Monday, March 16, 2009

The first time I can remember thinking "I'd be better off dead," I was 10 years old. It was a hot August afternoon, and my mom and her new drug addicted husband, Jimmy, left my brother and I home by ourselves for some reason or another. My brother and I had gotten into a fight while they were gone, and I locked my brother out of the house. Our apartment was at ground level, and he was outside pushing a window up and I was pushing it down. He ended up pushing his hands through the glass and I called 911. I was so scared my brother was going to need stitches. I ran upstairs and got a neighbor, and while the ambulance was outside pulling broken glass out of my brothers hands, my mom and Jimmy pulled up.

My brother was okay, and after everything had calmed down and everyone had left, my mother freaked out. She was hysterical. She started yelling at my brother, hitting him while he was cowering on his bed. I shouted to stop, and she came and started hitting me in the head with her fists. She was yelling about the $500 ambulance bill she was going to have to pay.

Jimmy finally got her off of me, and she left. I don't know where she went, but I remember lying on the bed, I couldn't breathe, tears rolled down my cheeks, and I just wanted to die. I started praying for God to get me out of there. It was the first time I remember praying to save my life.

That Christmas, my mom sent us to our dad's for Christmas and we ended up staying to live permanently. I remember being happy for a while...

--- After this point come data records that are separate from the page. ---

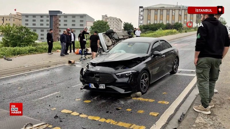 Beylikdüzü'nde aşırı hızla gittiği iddia edilen sürücü, kayganlaşan zemin nedeniyle direksiyon hakimiyetini kaybederek karşı şeride daldı. 3 aracın karıştığı kazada biri ağır 4 kişi yaralandı.
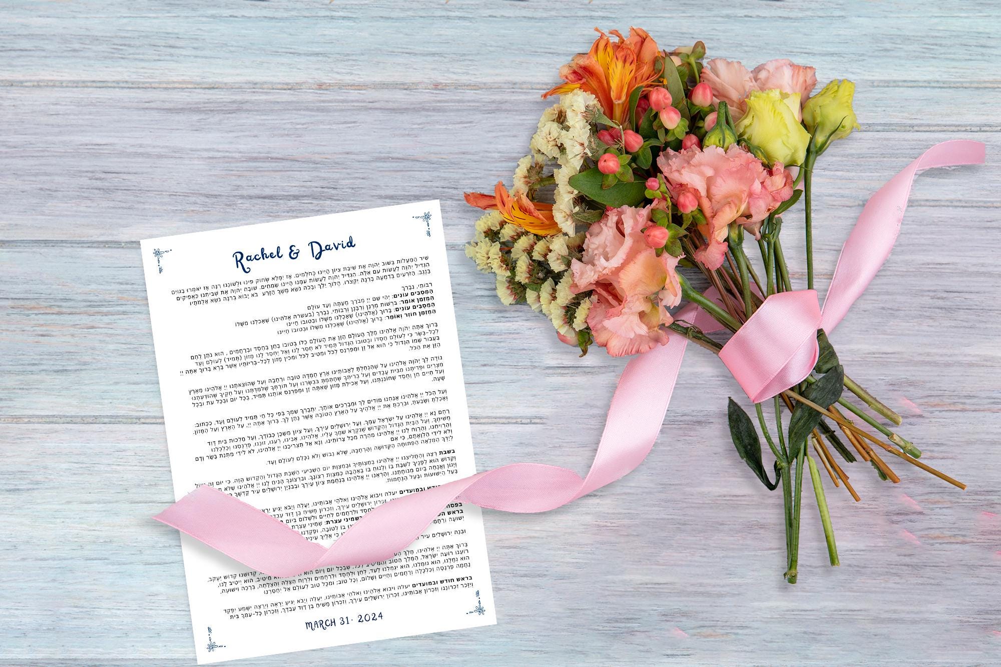 Personalized Event Birkat Hamazon Customizable Wedding Bencher W/sheva
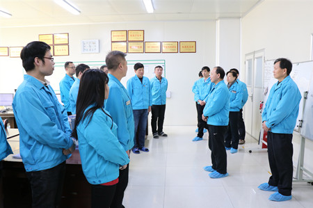 ??????? 2月11日,是公司春節(jié)過(guò)后上班的第一天。上午9時(shí)許,公司董事長(zhǎng)李智超、總經(jīng)理付勇帶領(lǐng)領(lǐng)導(dǎo)班子成員深入各職能部門(mén)、各事業(yè)部看望廣大員工。公司領(lǐng)導(dǎo)一行步伐鏗鏘,每到一處都向廣大職工送去新年的祝福,并簡(jiǎn)要介紹了公司發(fā)展形勢(shì),勉勵(lì)廣大職工在新的一年繼續(xù)發(fā)揚(yáng)奮斗精神,推動(dòng)各項(xiàng)工作再上新臺(tái)階。 |
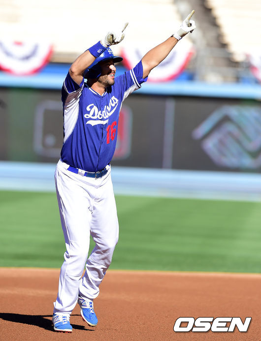 경기에 앞서 다저스 이디어가 주루 훈련을 하며 세리머니도 함께 선보이고 있다.

When I was about 15 I became depressed again, my stepmom died and her daughter was 1. I took on a new big roll at my home.. I cooked and cleaned a lot more and took care of my sister a lot.

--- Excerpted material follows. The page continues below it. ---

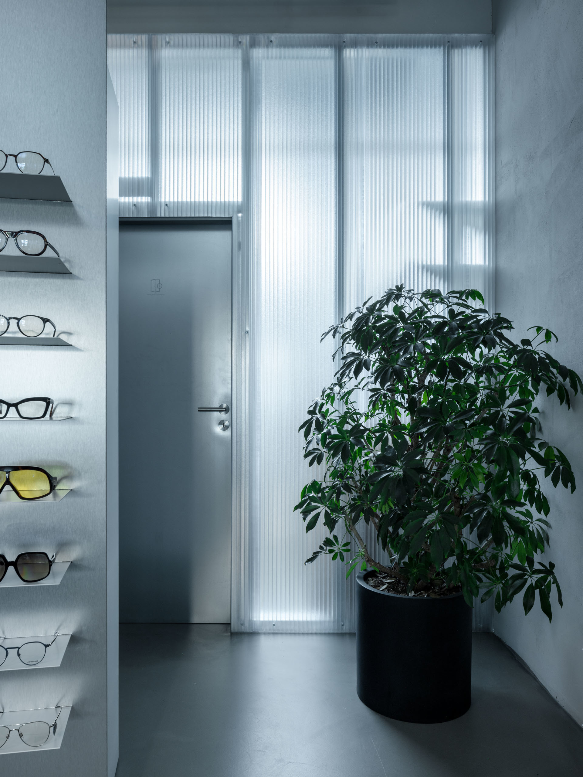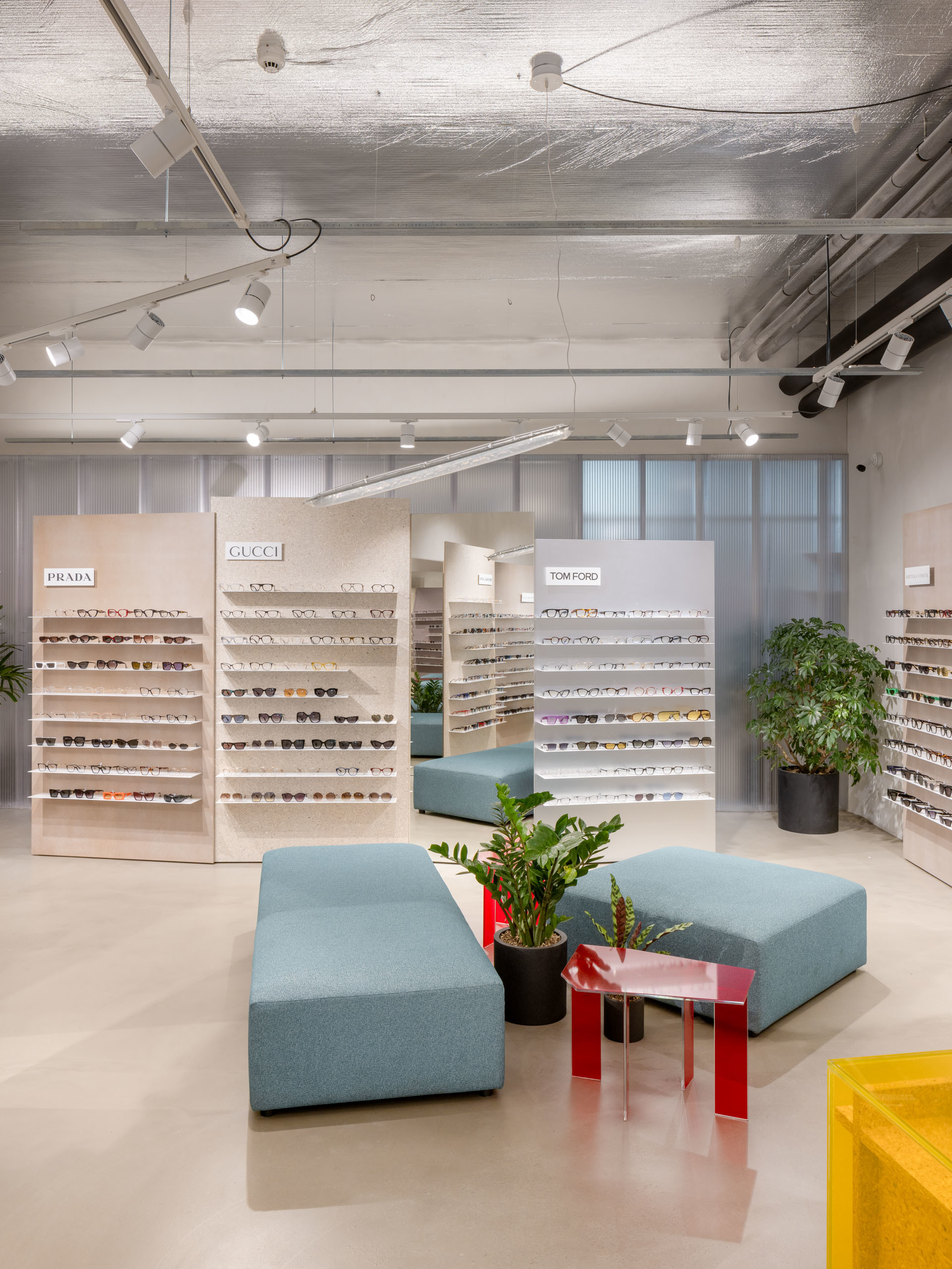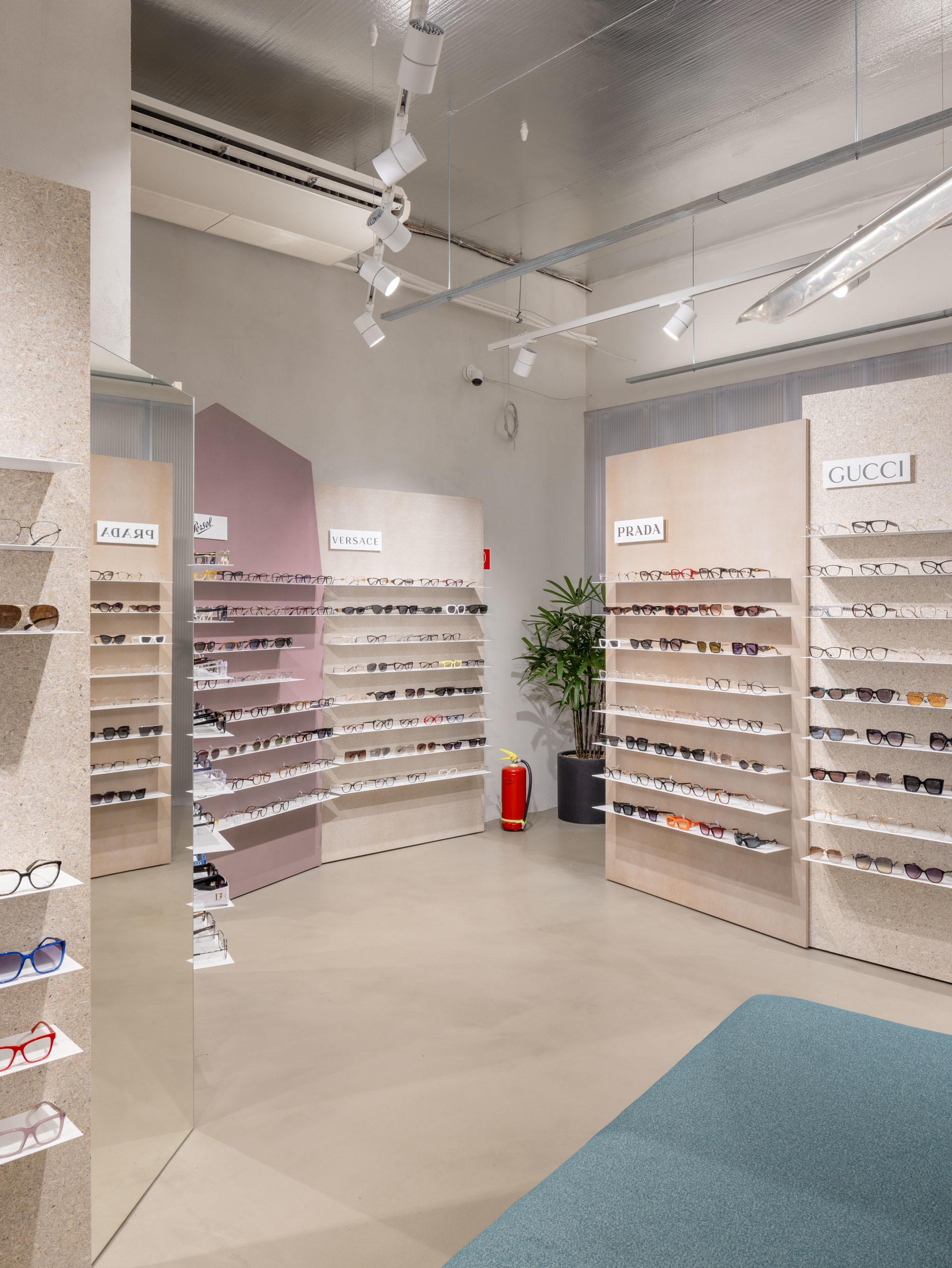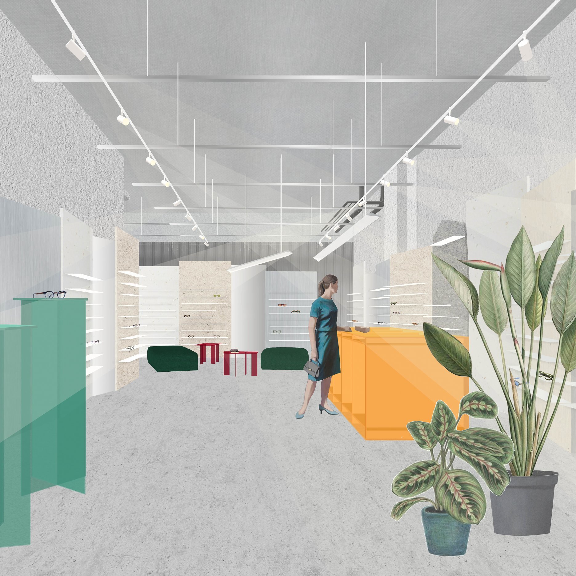 Využívame maximálnym výrobným rozmer materiálu a redukujeme tak množstvo odpadu pri jeho formátovaní. Túto základnú štruktúru panelov vkladáme do surového priestoru s minimom zásahov. Pracujeme s betónovou podlahou či priznanými sádrovými omietkami bez finálnej úpravy. Priestor prirodzene delíme vloženou translucentnou stenou oddeľujúcou zázemie a vyšetrovňu od samotnej predajne. Nenarúšame tak hĺbku priestoru a zároveň si vzájomne presvetľujeme obe časti. Vzhľadom na hĺbku dispozície a nedostatok prirodzeného svetla pracujeme so sekundárne nasvieteným stropom so striebornou fóliou, ktorá nám ho rozptyľuje prirodzene do celého interiéru. Priestor dopĺňame transparentným skleneným mobiliárom ako pult či výstavné stolíky v niekoľkých farbách, ktoré vytvárajú rôzne reflexie svetla tak ako šošovky v okuliaroch.
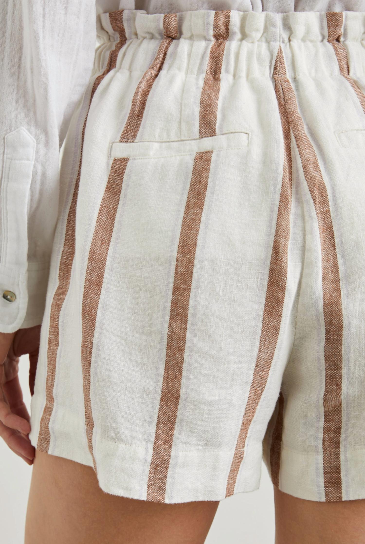 Coastal-inspired shorts. Pleated waistband with a rope drawstring. Two spacious front pockets. 100% Linen. Imported. Recommend ordering true to size. Inseam Length: 3". Front Rise Length: 13 3/4" (Measured from Small). Dry clean only.

Moved out and partied a lot after I was 18. Next big depression battle was after my mother died when I was 19. The last time she and I ever talked I told her she was a drunk and I couldn't stand talking to her when she was drunk. She hung up on me.

I moved to Griffin GA, and continued to be depressed until I was about 21. I got into a really bad relationship, but after I left him, I had never felt happier. I met Daniel shortly after, and have continued to remain stable until about 2 months ago... when Alexandria was 3 months old.

Now I'm going through this postpartum depression shit. I'm not suicidal or anything, but it's really starting to effect my day to day living. The anti-depressant seems to be taking hold, though. I woke up in a good mood today. First time in a couple of months!

My depression bouts, now that I have them written down, seem to follow a pattern where external factors are making me depressed. Major life changing events... you know? Loosing trust in a parent, death, death, birth of a child.... and I read somewhere, I think in The Road Less Traveled by Scott Peck, he says depression is healthy because when we are depressed, we are loosing a part of our old selves to grow into our new selves. And we often don't want to let that part go because we are familiar with it, so it's like a grieving process. And that is what causes us to be depressed. So I don't feel too down after seeing that, and knowing that life will always have it's ups and downs.

And more than anything, My faith in Jesus Christ is what will get me through.

~Molly.

1 comment:

Habicious said...

Faith in the Lord is the most important thing you can have. I think that He blesses us with difficult times so that he can use his might to save us through impossible odds. His strength accents his love, grace and compassion.